Kevin McNerney, MD, is the first author of the article “Management practices of CAR T-cell-related inflammatory toxicities: a survey of pediatric CAR T-cell providers.” He shares in this Q&A background on how this research came about, findings that particularly surprised him, and how these findings are guiding current and future initiatives. Read on for this perspective, and then visit Transplantation and Cellular Therapy, the official journal of ASTCT, for the full article.

ASTCT: Please provide a brief overview of your article and its relevance to managing CAR T‑cell–associated inflammatory toxicities in pediatric patients.

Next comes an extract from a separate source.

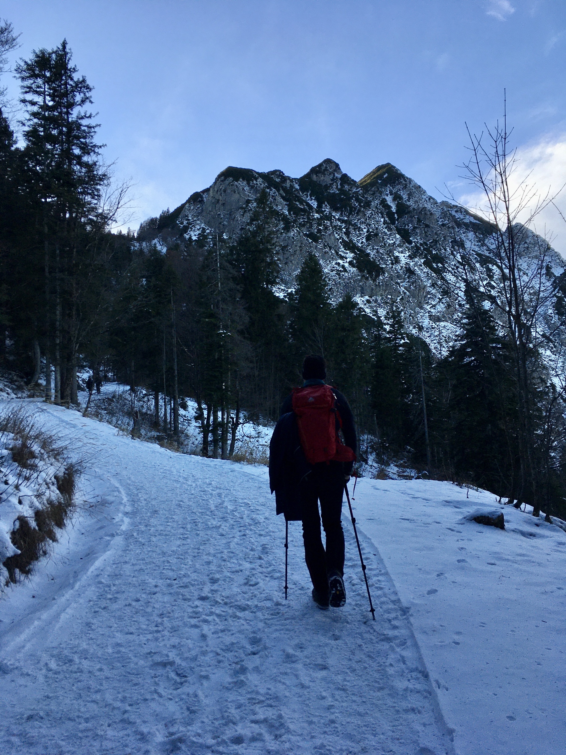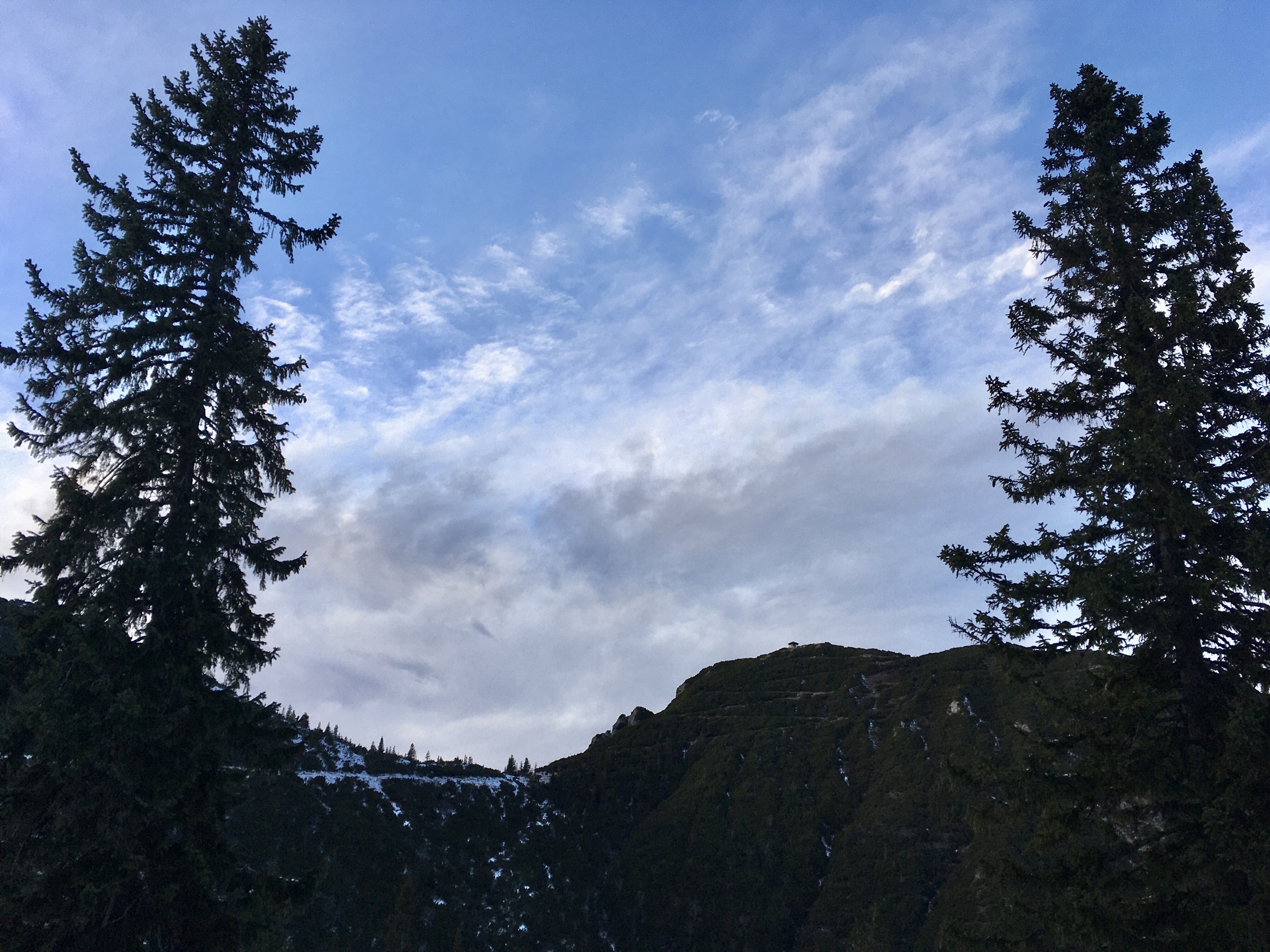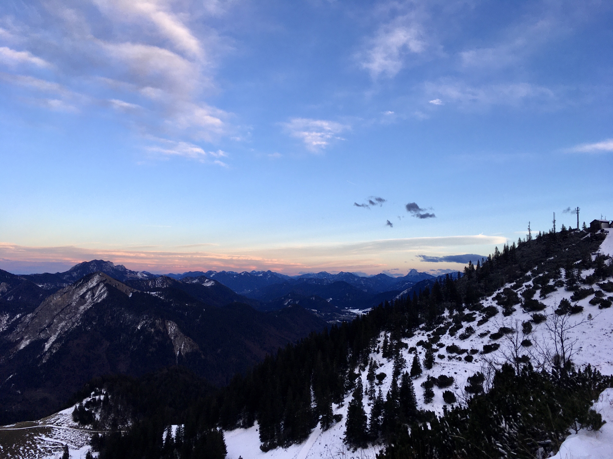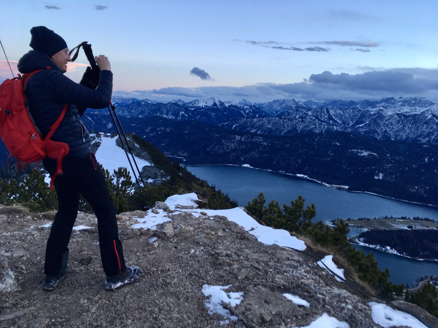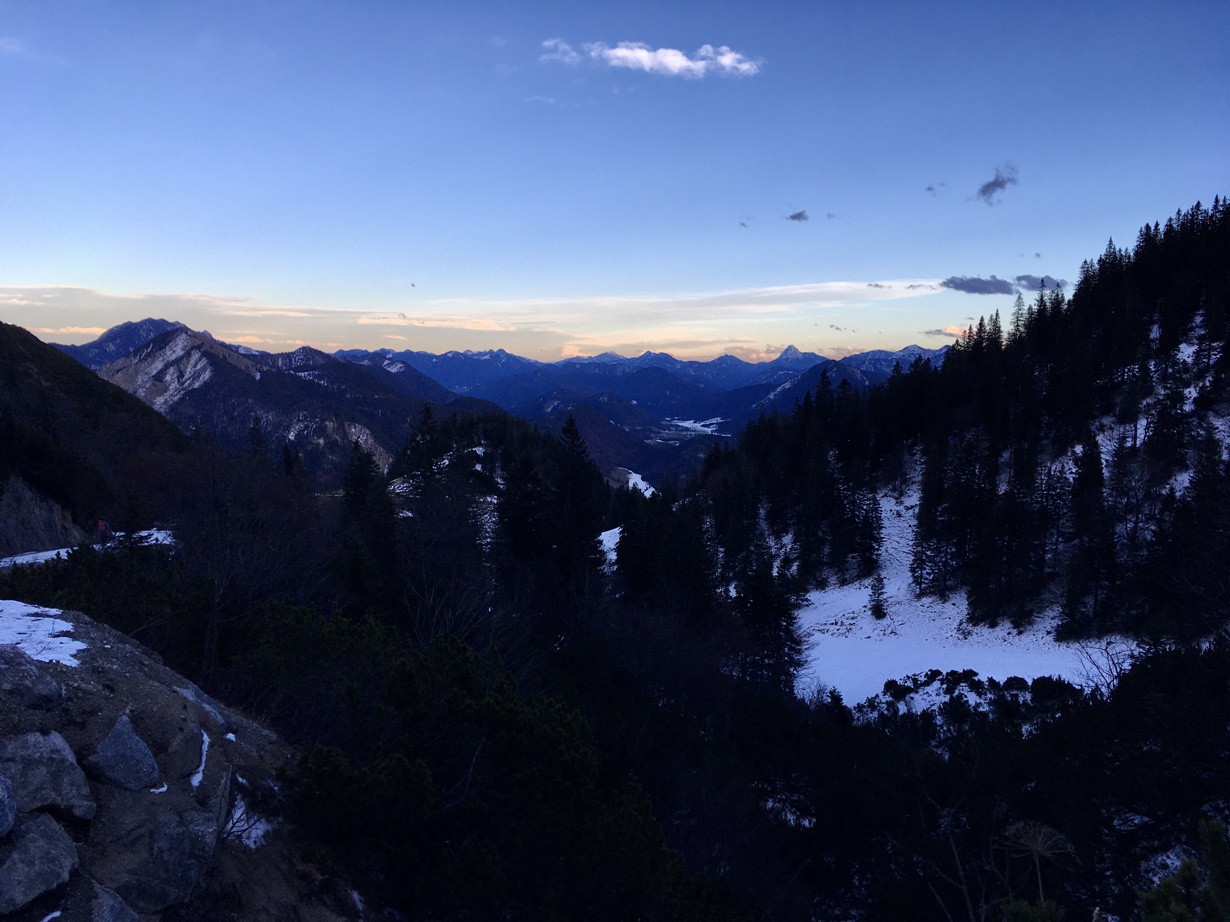 It’s Friday again! And last week the sunset tour was such a fantastic experience, we decide to repeat it. But, this is a working Friday so we’re leaving late and it’s already 14.15 when we set off from Kesselberg towards Herzogstand. Parking is full – and on the way up a lot of people pass us on their way down. Weather is great: sunny, no wind, bit of snow, pleasant warm – a dream. There’s 2 very steep moments but otherwise it’s a nice way up, with pretty views here and there. But, the weather changes quite abruptly: once we get close to Herzogstandhaus, it’s already quite windy. We decide to skip Herzogstand but go to Martinskopf at least – and the wind gets stronger. On the top it’s a little hurricane already and we can forget the sunset views because the sun is hidden behind clouds already. The mountains look spectacular anyway but couple of quick photos and we go back down before we’re blown off 😉 Another quick stop by the Herzogstand for a Glühwein we brought with us and we set off on our way back. And boy, is it windy! Crazy, the sudden blows – defo a different kind of adventure then last week 😉 But, it was great fun anyway! I take a moment to watch the stars as they shine so bright when there’s no city lights and then, after 4h in the great outdoors, we get back home.

Kevin McNerney, MD (KM): Our article presents the results of an international survey of pediatric CAR T‑cell providers aimed at characterizing current practices for managing inflammatory toxicities, specifically cytokine release syndrome (CRS), immune effector cell-associated neurotoxicity syndrome (ICANS), and immune effector cell-associated hemophagocytic lymphohistiocytosis-like syndrome (IEC‑HS), in children and young adults receiving CD19‑directed CAR T‑cell therapy for B‑acute lymphoblastic leukemia (B-ALL). We analyzed responses from 60 providers across 46 institutions, highlighting substantial variability in when clinicians initiate tocilizumab or steroids, how preemptive strategies are applied, and the frequent use of alternative anti‑inflammatory agents in CAR T toxicity management. Respondents reported use of anakinra (80%), siltuximab (50%), ruxolitinib (28%), and emapalumab (22%), underscoring a need for evidence to guide the selection, timing, and sequencing of these therapies in clinical practice. Participants also identified a major unmet need for guidelines addressing both alternative treatments and for early or preventative management of CRS, ICANS, and IEC-HS.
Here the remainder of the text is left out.